Peter Weyland, the creator of David, embodies those villainies done by ontological violence, hand in hand with Christianity. He boarded the Prometheus to evade death with an automatic surgery machine that is one of only 5 in the world. With David, he makes a creator-creature structure similar to the engineers-humankind and secures his place at the top of the ontological hierarchy. As Christianity graded and ruled humankind with various concepts and discourses, Peter Wayland degraded David to a mere machine, arguing he was without genuine emotion. As monotheistic religion named itself on the ethereal throne on the dead body of the abjected from 'History' (Hegel. F), Wayland secures his place on the high castle by stepping on his creature.
However, one should remember that Derrida revealed that binary opposition is an artificial structure choreographed by the dominant discourses of the time. Unlike what Peter Wayland insists, the delicate performance of Michael Pasvinder shows that David has emotion and a desire to be a creator. He consistently makes attempts to be liberated from his father. By creating life and analyzing the creator (Engineer) of his creator (Wayland), he tries to seize the authority of the creator. Considering what he has done, David is a living specimen proving binary opposition can't help accompanying internal discord in its construct. As he says, 'all children want their parents dead'.

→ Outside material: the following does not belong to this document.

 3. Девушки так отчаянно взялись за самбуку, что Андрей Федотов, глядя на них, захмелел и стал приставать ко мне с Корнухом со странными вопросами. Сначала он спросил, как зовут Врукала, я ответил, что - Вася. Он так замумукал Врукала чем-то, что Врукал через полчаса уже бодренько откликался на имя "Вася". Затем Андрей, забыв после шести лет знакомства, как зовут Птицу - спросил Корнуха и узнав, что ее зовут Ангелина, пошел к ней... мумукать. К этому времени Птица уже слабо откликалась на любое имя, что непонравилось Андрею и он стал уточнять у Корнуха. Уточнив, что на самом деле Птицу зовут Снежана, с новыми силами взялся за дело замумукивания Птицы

As the narrative continues, the binary opposition of creator-creature keeps getting challenged by flagrant images. In the scene where David approaches the hibernaculum of the engineers and the scene where Dr. Shaw enters Wayland's cabin, the spacesuits of the two species are standing in a similar position. This insinuates that the two creators are nothing but organisms breathing air, relying their lives on spacesuits. Furthermore, like an engineer staggers up from his hibernaculum, Wayland is helped up by doctors from his capsule. These scenes tear down the hierarchical boundary between creator and creature. Like David says, when an engineer's severed head (the head was severed 2000 years ago, having far-reaching implications) explodes, they are not immortal but a life form like humans.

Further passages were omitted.